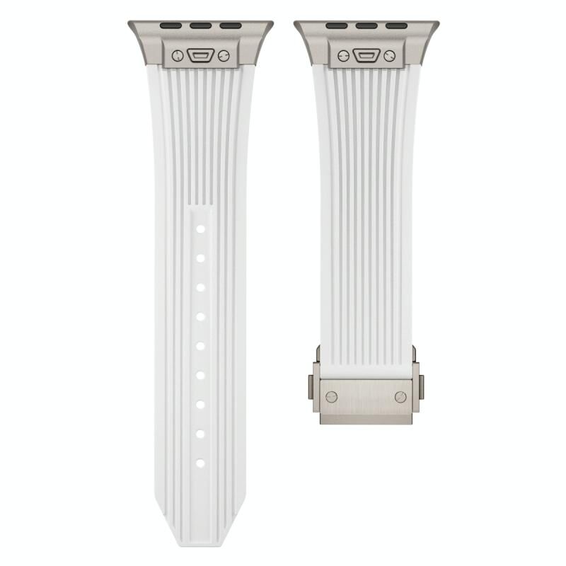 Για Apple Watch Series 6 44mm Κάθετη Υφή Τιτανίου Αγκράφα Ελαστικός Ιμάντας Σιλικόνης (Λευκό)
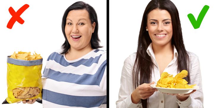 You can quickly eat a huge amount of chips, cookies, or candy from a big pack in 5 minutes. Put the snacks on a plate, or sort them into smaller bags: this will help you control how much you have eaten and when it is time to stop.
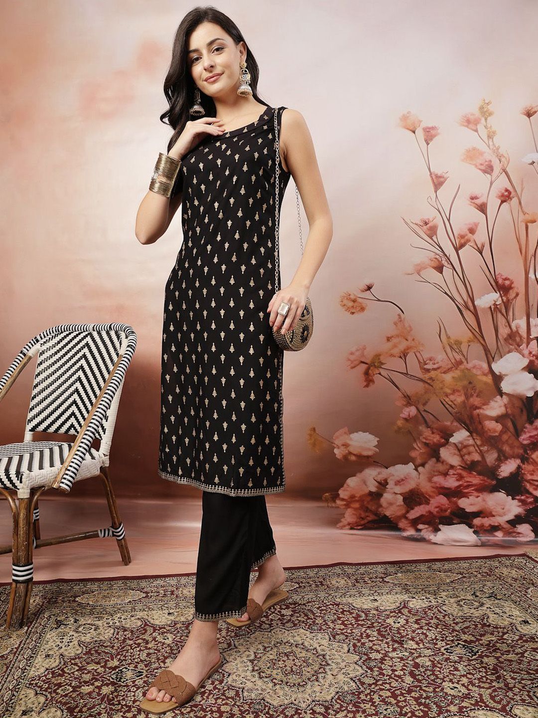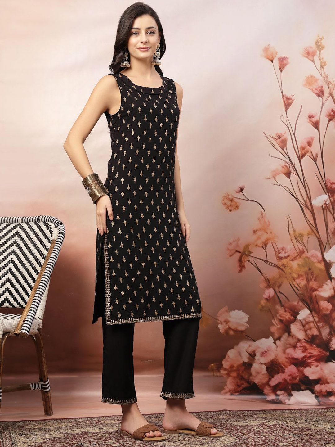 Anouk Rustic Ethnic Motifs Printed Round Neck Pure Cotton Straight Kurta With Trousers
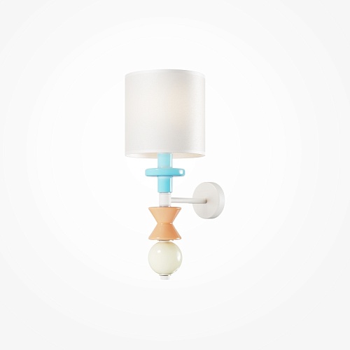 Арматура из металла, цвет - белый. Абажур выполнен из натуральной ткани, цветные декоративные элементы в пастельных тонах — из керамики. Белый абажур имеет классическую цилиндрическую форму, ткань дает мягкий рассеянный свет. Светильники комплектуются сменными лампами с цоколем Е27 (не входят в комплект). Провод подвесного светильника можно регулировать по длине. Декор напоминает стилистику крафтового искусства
...
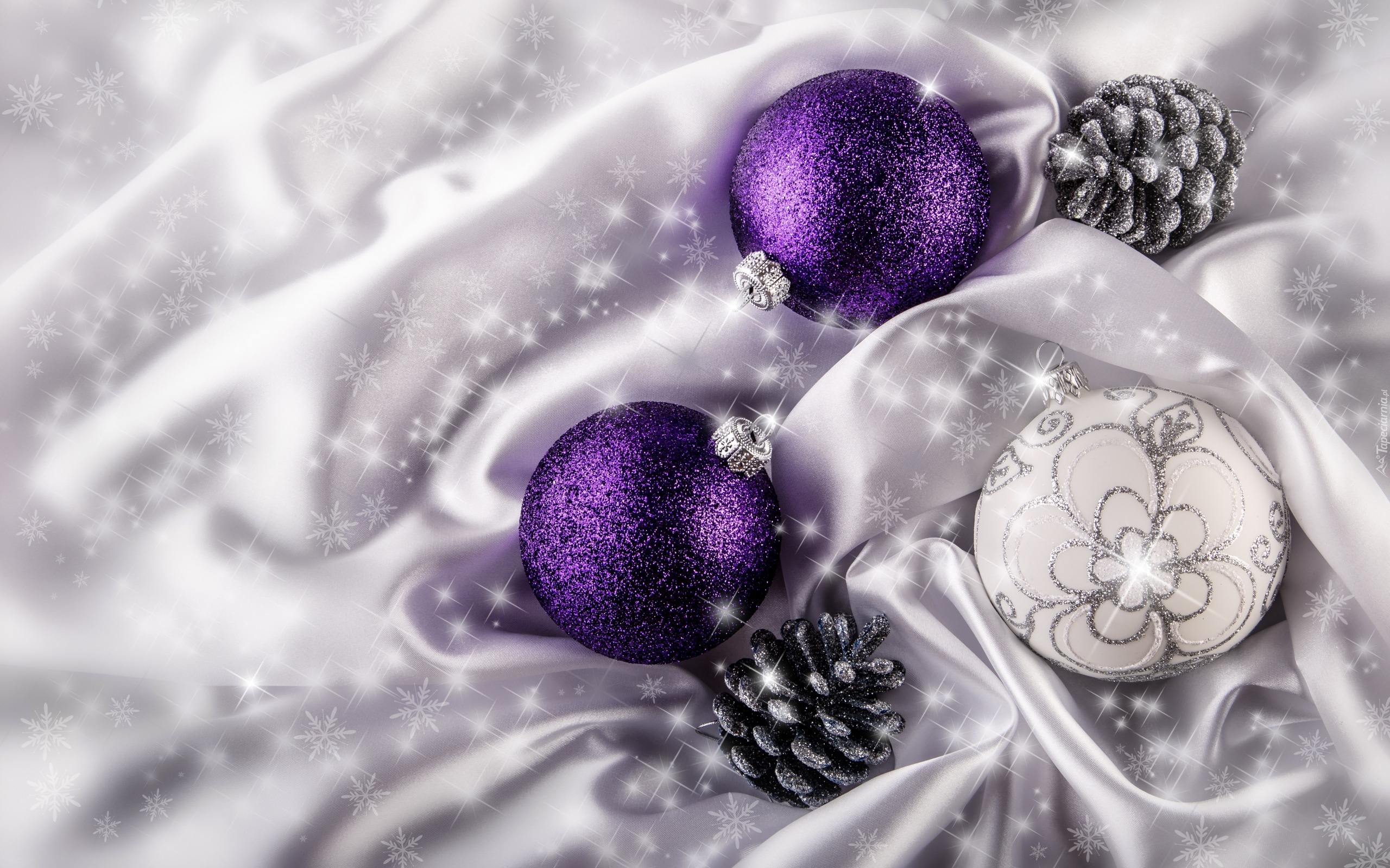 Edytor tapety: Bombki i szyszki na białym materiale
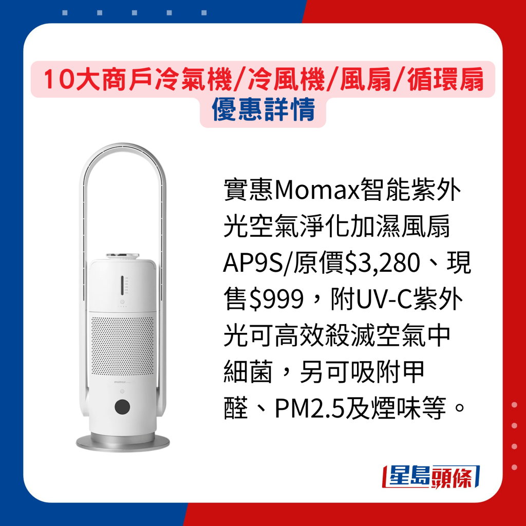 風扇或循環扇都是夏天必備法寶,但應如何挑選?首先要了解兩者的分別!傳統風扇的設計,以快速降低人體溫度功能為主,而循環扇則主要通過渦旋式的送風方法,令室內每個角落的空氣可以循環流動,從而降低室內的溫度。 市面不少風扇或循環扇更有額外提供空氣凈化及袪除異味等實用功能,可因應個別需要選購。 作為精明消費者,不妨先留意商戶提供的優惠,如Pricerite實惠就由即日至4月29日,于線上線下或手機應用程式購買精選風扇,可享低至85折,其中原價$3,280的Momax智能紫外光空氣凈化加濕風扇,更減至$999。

**Work to complete**
Copy everything above from the line holding "Για Apple Watch" down to the line holding "Anouk Rustic Ethnic", both ends included, exactly as it stands and without the pictures.

**Task output**
 Για Apple Watch Series 6 44mm Κάθετη Υφή Τιτανίου Αγκράφα Ελαστικός Ιμάντας Σιλικόνης (Λευκό)
 You can quickly eat a huge amount of chips, cookies, or candy from a big pack in 5 minutes. Put the snacks on a plate, or sort them into smaller bags: this will help you control how much you have eaten and when it is time to stop.
 Anouk Rustic Ethnic Motifs Printed Round Neck Pure Cotton Straight Kurta With Trousers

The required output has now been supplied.